Finding the perfect square of a given operation

Question

Given $a, b, c \in \mathbb{N}$ such that $a+b=b*(a-c)$ and $c+1=p^2$, such as $p$ is prime, prove that $a+b$ or $ab$ is a perfect square.

So, from the given information I already know that $ab=a+bp^2$ and that $p^2=\frac{ab-a-b}{b}+1$. However, everytime I try to replace these "things", I always get to obvious results, such as $0=0$ or $a=a$ or $b=b$, and never get to the solution.

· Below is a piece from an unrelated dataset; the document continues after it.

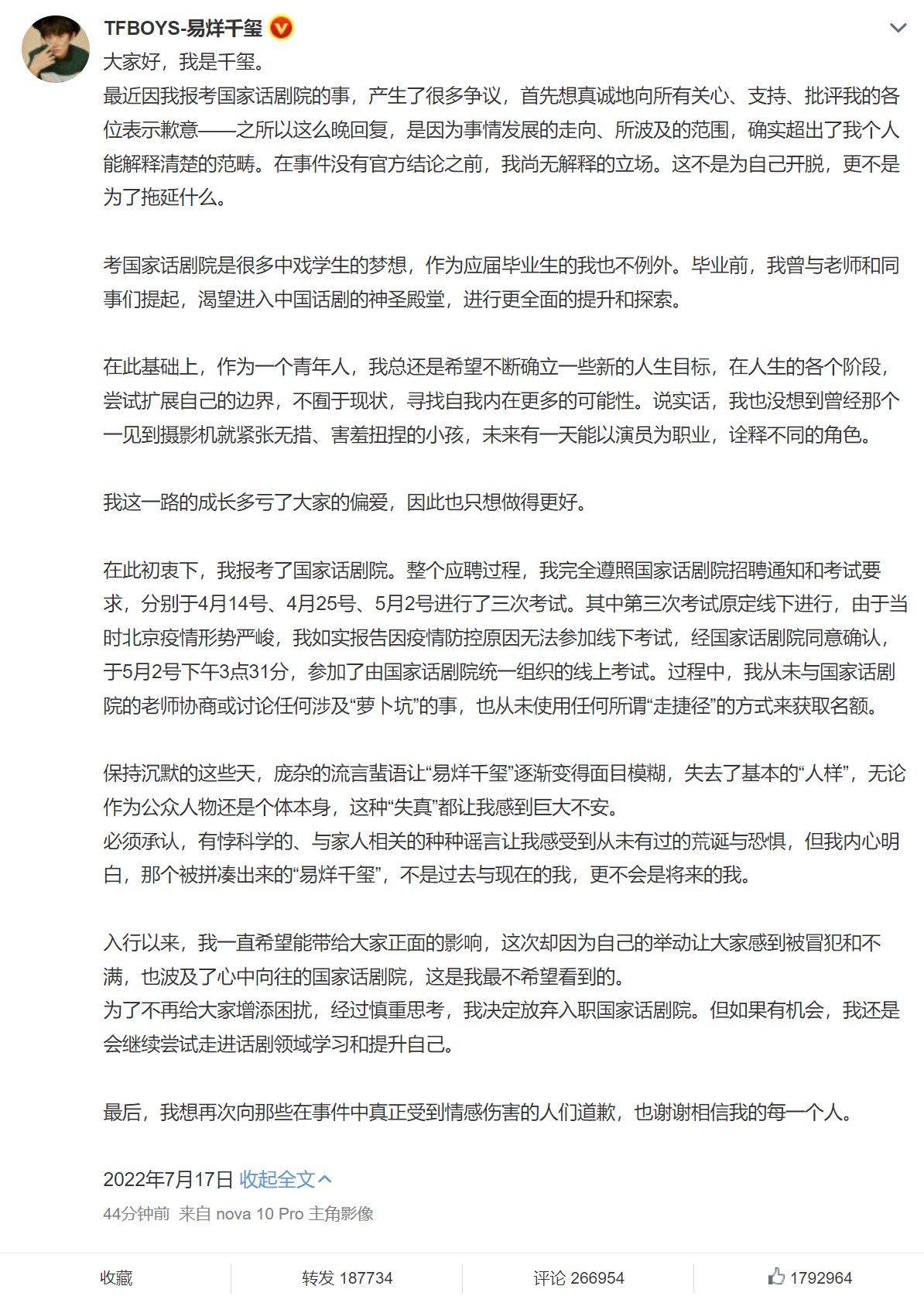 7月17日上午,易烊千玺发长文回应连日来的报考国家话剧院风波。

How do I find a number $r$ such as $r^2 = a+b$ or a number $s$ such as $s^2=ab$ (i.e., how do I find a perfect square in this case)?

I'd like a hint... Thanks in advance!

Answer 1

Hint: You're given that

$$a + b = b(a - c) \; \; \to \; \; a = b(a - c - 1) \tag{1}\label{eq1A}$$

$$c + 1 = p^2 \tag{2}\label{eq2A}$$

Substituting \eqref{eq2A} into \eqref{eq1A} and simplifying gives, as you've determined, that

$$ab = a + bp^2 \; \; \to \; \; a(b - 1) = bp^2 \tag{3}\label{eq3A}$$

Substituting the right side of \eqref{eq1A} into the right side of \eqref{eq3A} gives

$$b(a - c - 1)(b - 1) = bp^2 \; \; \to \; \; (a - c - 1)(b - 1) = p^2 \tag{4}\label{eq4A}$$

Remember that $p$ is prime, so that limits what $a - c - 1$ may be. As you asked for just a hint, the rest of the answer is in the spoiler below.

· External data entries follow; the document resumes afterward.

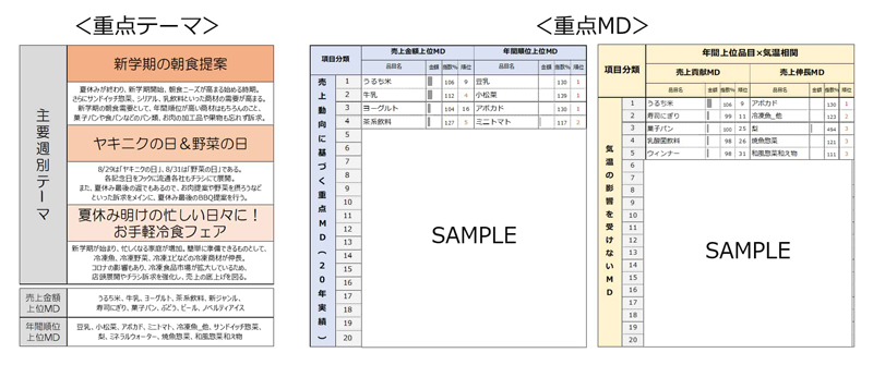 各週の歳時・生活行動、気象傾向、社会行事といった環境与件とPOSデータを分析し、52週ごとに重点的に取り組むべきテーマ・MDを掲載している。客観的データに基づいた重点テーマ・MDにより、月・週・日々の販売効率をより高めることを目指す。
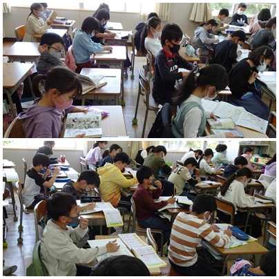 今日の写真は、給食後のチャレンジタイムの一場面です。各自で決めた学習に静かに取り組んでいます。静かに取り組む姿が印象的でした。
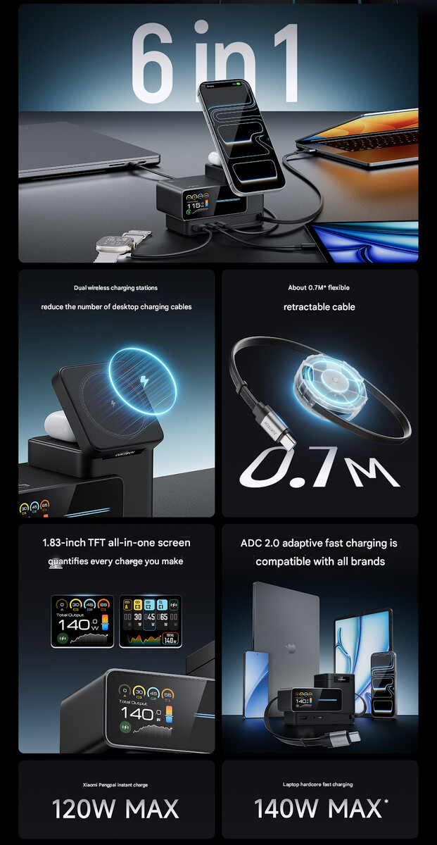 The Cuktech 15 Super Charging Station has launched in China as a new, affordable desktop charger. Among the main highlights are the dual wireless charging docks, one for accessories and one for a phone. In addition to the wireless chargers, there's a 0.7-meter built-in retractable cable and a built-in digital display.

Since $p$ is prime, this means with $$a - c - 1 = k \tag{5}\label{eq5A}$$ that, since $k$ is positive as \eqref{eq1A} has $a$ and $b$ both being positive, then $k$ is $1$, $p$ or $p^2$. Using \eqref{eq1A}, the first case gives that $a = b$ so $ab = b^2$ and the third case gives $ab = (bp^2)b = (bp)^2$, i.e., $ab$ is a square in either situation. For the second case, i.e., $k = p$, then $$a = pb \tag{7}\label{eq7A}$$ so using this in the right side of \eqref{eq3A} gives $$bp(b - 1) = bp^2 \; \; \to \; \; b - 1 = p \; \; \to \; \; b = p + 1 \tag{8}\label{eq8A}$$ Using \eqref{eq7A} and \eqref{eq8A} then gives that $$\begin{equation}\begin{aligned} a + b & = bp + b \\ & = b(p + 1) \\ & = (p + 1)(p + 1) \\ & = (p + 1)^2 \end{aligned}\end{equation}\tag{9}\label{eq9A}$$ This confirms that either $a + b$ or $ab$ are a perfect square.